🚀 Released EvoX 1.2.1 - Featuring the new Mujoco Playground and an official tutorial! [Details]📢 Released EvoRL - A GPU-accelerated framework for Evolutionary Reinforcement Learning, powered by JAX! [Details]🌟 Released EvoGP - A GPU-accelerated framework for Genetic Programming, powered by PyTorch & CUDA! [Details]
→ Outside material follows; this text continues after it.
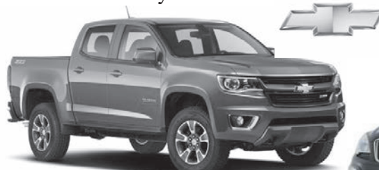
2016 Chevy Colorado

EvoX: Evolutionary Computation Reimagined

A powerful, flexible distributed and GPU-accelerated framework for evolutionary algorithms in modern AI workflows.

Get Started GitHub Repo

Current Version: 1.2.1

Released: May 13, 2025

Key Features

Discover the powerful capabilities of EvoX to accelerate your workflows.

🚀 Ultra Performance

Supports acceleration on CPUs and GPUs, achieving over 100x speedups with distributed workflows.

🌐 All-in-One Solution

Includes 50+ algorithms for single- and multi-objective optimization, supporting complex tasks like neuroevolution.

🛠️ Easy-to-Use Design

Fully compatible with PyTorch, offering a tailored programming model for effortless setup.

📚 Extensive Benchmark Suites

Features 100+ benchmark problems, including physics engines like Brax for reinforcement learning.

📈 Flexible Visualization

Provides real-time data streaming and customizable modules for tailored visualizations.

🎮 Reinforcement Learning Support

Seamlessly integrates with popular RL environments for cutting-edge AI research.

Code Examples

Single-objective Optimization

import torch
from evox.algorithms import PSO
from evox.problems.numerical import Ackley
from evox.workflows import StdWorkflow, EvalMonitor

algorithm = PSO(pop_size=100, lb=-32 * torch.ones(10), ub=32 * torch.ones(10))
problem = Ackley()
monitor = EvalMonitor()
workflow = StdWorkflow(algorithm, problem, monitor)
workflow.init_step()
for i in range(100):
    workflow.step()

monitor.plot()

Multi-objective Optimization

import torch
from evox.algorithms import RVEA
from evox.metrics import igd
from evox.problems.numerical import DTLZ2
from evox.workflows import StdWorkflow, EvalMonitor

prob = DTLZ2(m=2)
pf = prob.pf()
algo = RVEA(
    pop_size=100,
    n_objs=2,
    lb=-torch.zeros(12),
    ub=torch.ones(12)
)
monitor = EvalMonitor()
workflow = StdWorkflow(algo, prob, monitor)
workflow.init_step()
for i in range(100):
    workflow.step()

monitor.plot()

Neuroevolution

import torch
import torch.nn as nn
from evox.algorithms import PSO
from evox.problems.neuroevolution.brax import BraxProblem
from evox.utils import ParamsAndVector
from evox.workflows import EvalMonitor, StdWorkflow

class SimpleMLP(nn.Module):
    def __init__(self):
        super().__init__()
        self.features = nn.Sequential(nn.Linear(17, 8), nn.Tanh(), nn.Linear(8, 6))

    def forward(self, x):
        return torch.tanh(self.features(x))

model = SimpleMLP()
adapter = ParamsAndVector(dummy_model=model)
POP_SIZE = 1024
pop_center = adapter.to_vector(dict(model.named_parameters()))
lb = torch.full_like(pop_center, -5)
ub = torch.full_like(pop_center, 5)
algorithm = PSO(pop_size=POP_SIZE, lb=lb, ub=ub)
problem = BraxProblem(
    policy=model,
    env_name="halfcheetah",
    max_episode_length=1000,
    num_episodes=3,
    pop_size=POP_SIZE,
)
monitor = EvalMonitor(topk=3)
workflow = StdWorkflow(
    algorithm=algorithm,
    problem=problem,
    monitor=monitor,
    opt_direction="max",
    solution_transform=adapter,
)
workflow.init_step()
for i in range(50):
    workflow.step()

monitor.plot()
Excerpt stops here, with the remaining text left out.